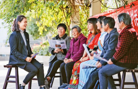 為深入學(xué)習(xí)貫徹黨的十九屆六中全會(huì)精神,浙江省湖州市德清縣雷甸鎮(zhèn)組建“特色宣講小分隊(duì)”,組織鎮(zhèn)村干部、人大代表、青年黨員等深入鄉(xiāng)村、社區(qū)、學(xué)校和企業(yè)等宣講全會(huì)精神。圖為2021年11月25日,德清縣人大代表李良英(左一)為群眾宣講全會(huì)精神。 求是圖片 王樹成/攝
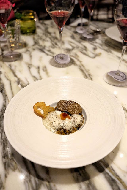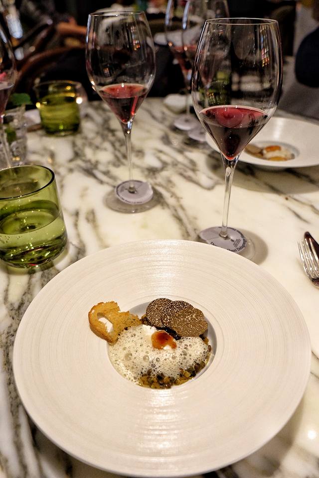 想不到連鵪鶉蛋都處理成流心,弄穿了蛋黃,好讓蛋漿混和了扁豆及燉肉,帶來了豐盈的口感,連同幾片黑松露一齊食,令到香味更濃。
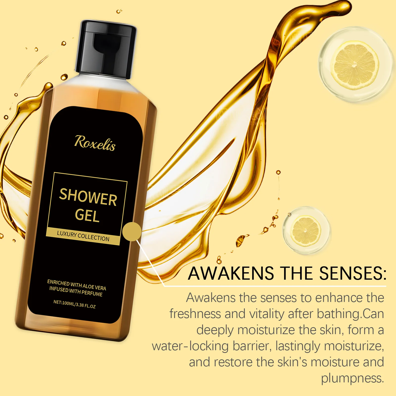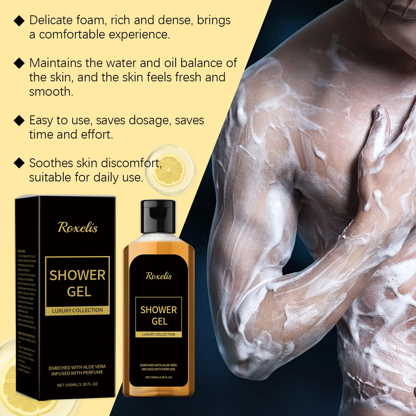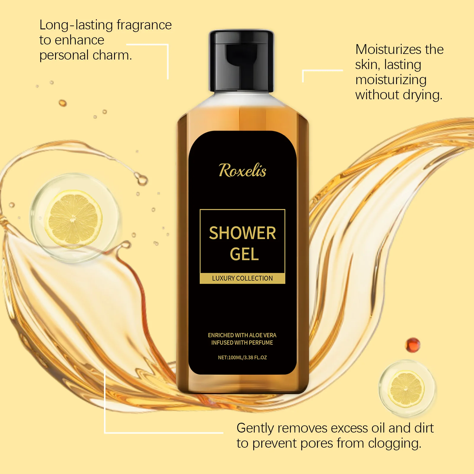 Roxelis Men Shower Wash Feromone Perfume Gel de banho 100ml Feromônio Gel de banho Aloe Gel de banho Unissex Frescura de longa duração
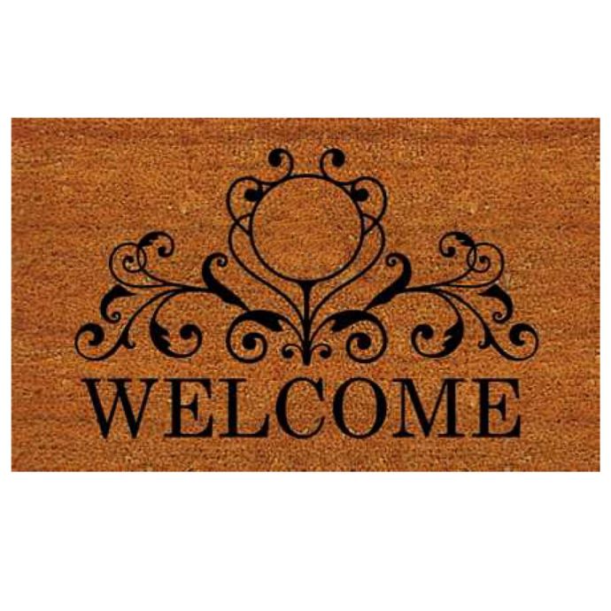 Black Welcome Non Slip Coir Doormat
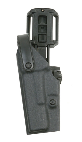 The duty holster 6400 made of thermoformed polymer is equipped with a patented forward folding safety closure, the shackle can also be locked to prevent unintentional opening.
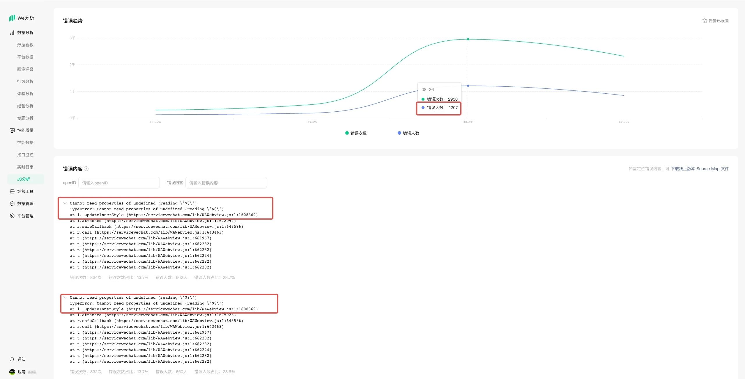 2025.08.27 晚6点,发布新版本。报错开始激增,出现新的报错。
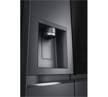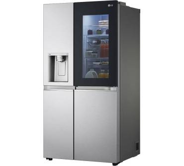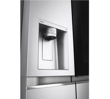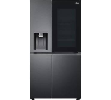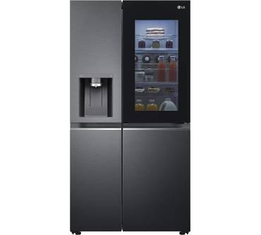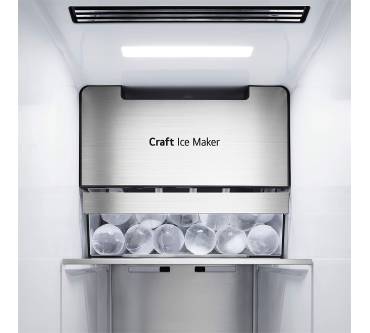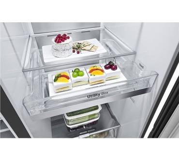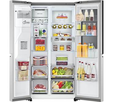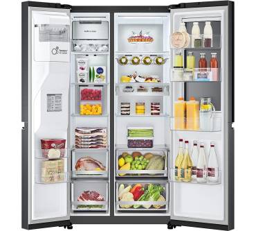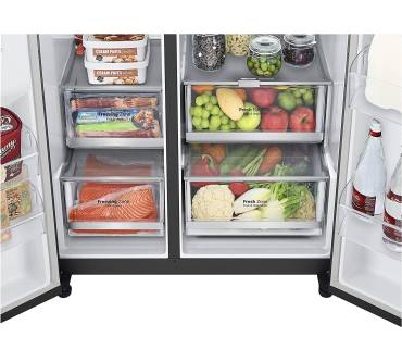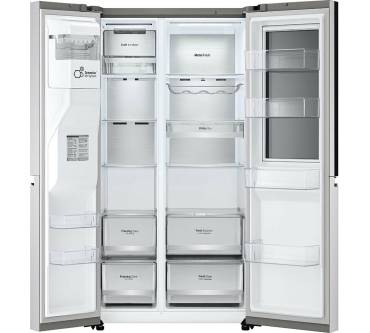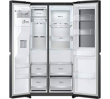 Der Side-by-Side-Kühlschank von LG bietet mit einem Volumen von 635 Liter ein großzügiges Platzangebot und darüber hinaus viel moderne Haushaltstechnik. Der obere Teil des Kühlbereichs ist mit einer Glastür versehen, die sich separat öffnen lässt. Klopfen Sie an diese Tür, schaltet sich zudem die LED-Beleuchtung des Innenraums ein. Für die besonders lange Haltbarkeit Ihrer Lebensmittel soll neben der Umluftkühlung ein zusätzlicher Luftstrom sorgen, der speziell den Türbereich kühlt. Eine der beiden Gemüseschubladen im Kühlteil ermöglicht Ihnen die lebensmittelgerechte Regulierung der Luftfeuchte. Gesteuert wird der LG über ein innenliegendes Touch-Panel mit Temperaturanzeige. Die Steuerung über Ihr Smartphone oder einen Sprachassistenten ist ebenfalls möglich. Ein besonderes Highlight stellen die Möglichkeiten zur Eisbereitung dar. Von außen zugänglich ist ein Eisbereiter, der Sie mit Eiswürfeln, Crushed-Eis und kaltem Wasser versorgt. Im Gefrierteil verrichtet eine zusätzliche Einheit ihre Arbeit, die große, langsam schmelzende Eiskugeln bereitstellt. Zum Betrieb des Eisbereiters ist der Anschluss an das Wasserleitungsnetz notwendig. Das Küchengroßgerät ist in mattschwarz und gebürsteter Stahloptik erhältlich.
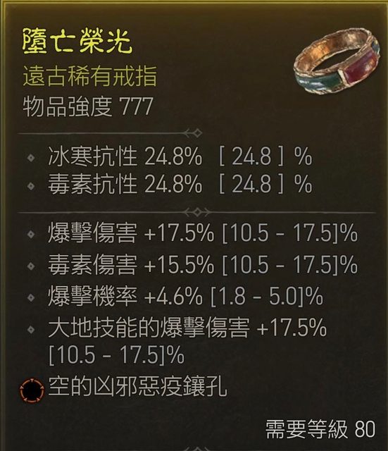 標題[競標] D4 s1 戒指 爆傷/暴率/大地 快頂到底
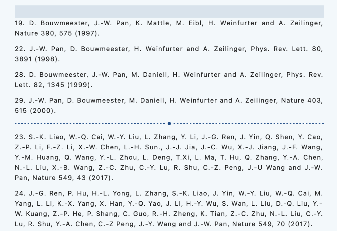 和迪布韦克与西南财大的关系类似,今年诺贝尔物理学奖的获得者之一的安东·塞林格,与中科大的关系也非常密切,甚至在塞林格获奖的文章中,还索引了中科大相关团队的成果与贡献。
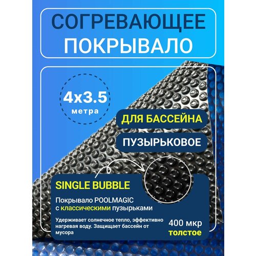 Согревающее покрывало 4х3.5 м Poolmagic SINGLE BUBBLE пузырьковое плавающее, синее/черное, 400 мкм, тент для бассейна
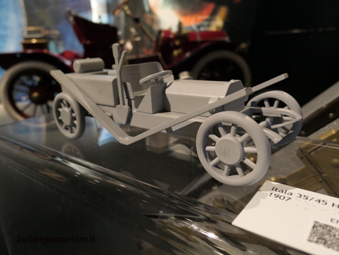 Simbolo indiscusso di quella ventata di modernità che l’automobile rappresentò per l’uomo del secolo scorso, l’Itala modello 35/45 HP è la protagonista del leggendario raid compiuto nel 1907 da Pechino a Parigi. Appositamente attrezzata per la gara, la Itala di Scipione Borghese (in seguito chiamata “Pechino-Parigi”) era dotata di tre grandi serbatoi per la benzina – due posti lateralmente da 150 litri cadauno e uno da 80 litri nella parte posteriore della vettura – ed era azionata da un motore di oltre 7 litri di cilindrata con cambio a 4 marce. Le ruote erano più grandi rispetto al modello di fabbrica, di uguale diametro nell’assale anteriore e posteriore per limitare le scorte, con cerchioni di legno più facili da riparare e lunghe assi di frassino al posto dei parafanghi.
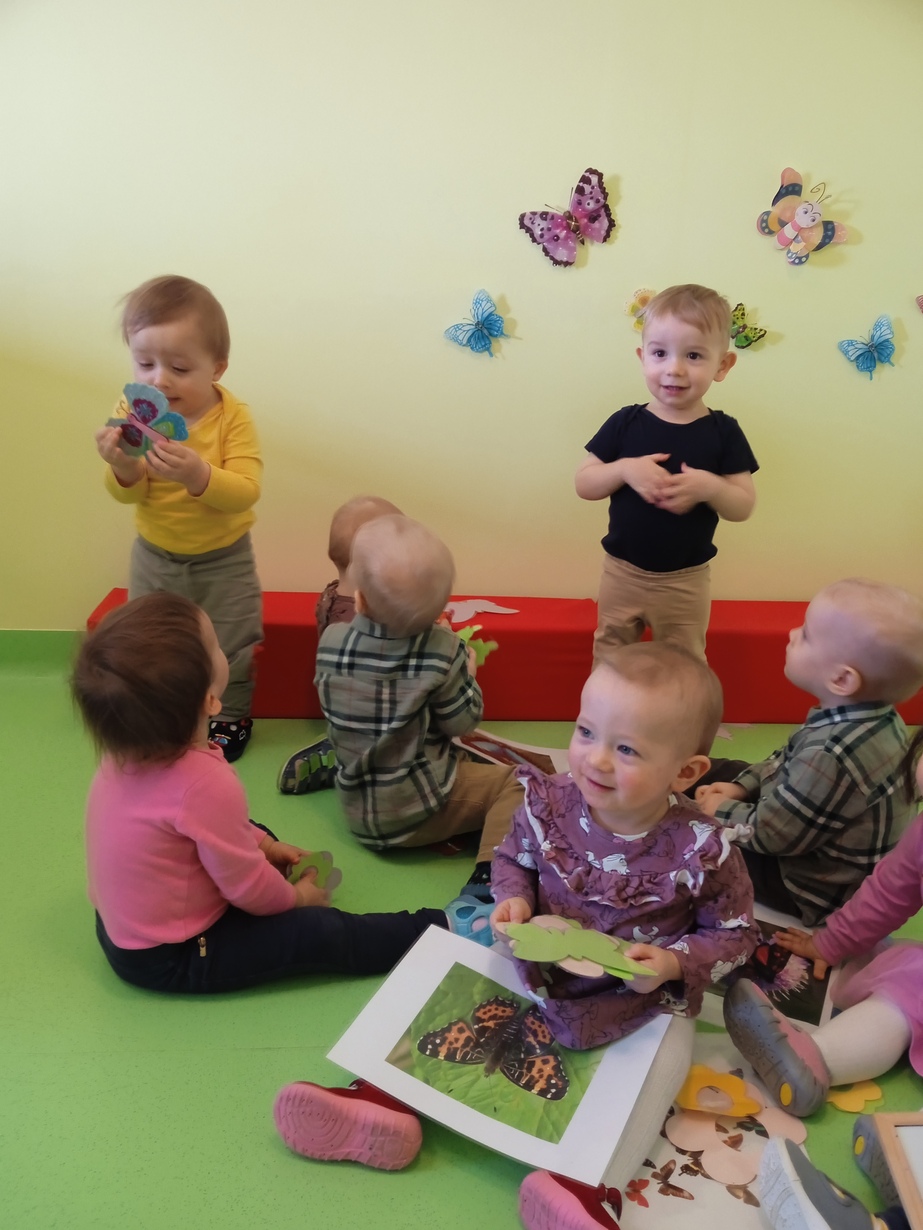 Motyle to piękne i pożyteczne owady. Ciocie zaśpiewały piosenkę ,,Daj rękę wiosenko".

▬▬▬

About this task: Starting at the line above that holds "Black Welcome Non Slip Coir Doormat", repeat every line exactly down to and including the line that holds "2025.08.27 晚6点,发布新版本。报错开始激增,出现新的报错。", then stop. Do not carry over any pictures.

Solution:
 Black Welcome Non Slip Coir Doormat
 The duty holster 6400 made of thermoformed polymer is equipped with a patented forward folding safety closure, the shackle can also be locked to prevent unintentional opening.
 2025.08.27 晚6点,发布新版本。报错开始激增,出现新的报错。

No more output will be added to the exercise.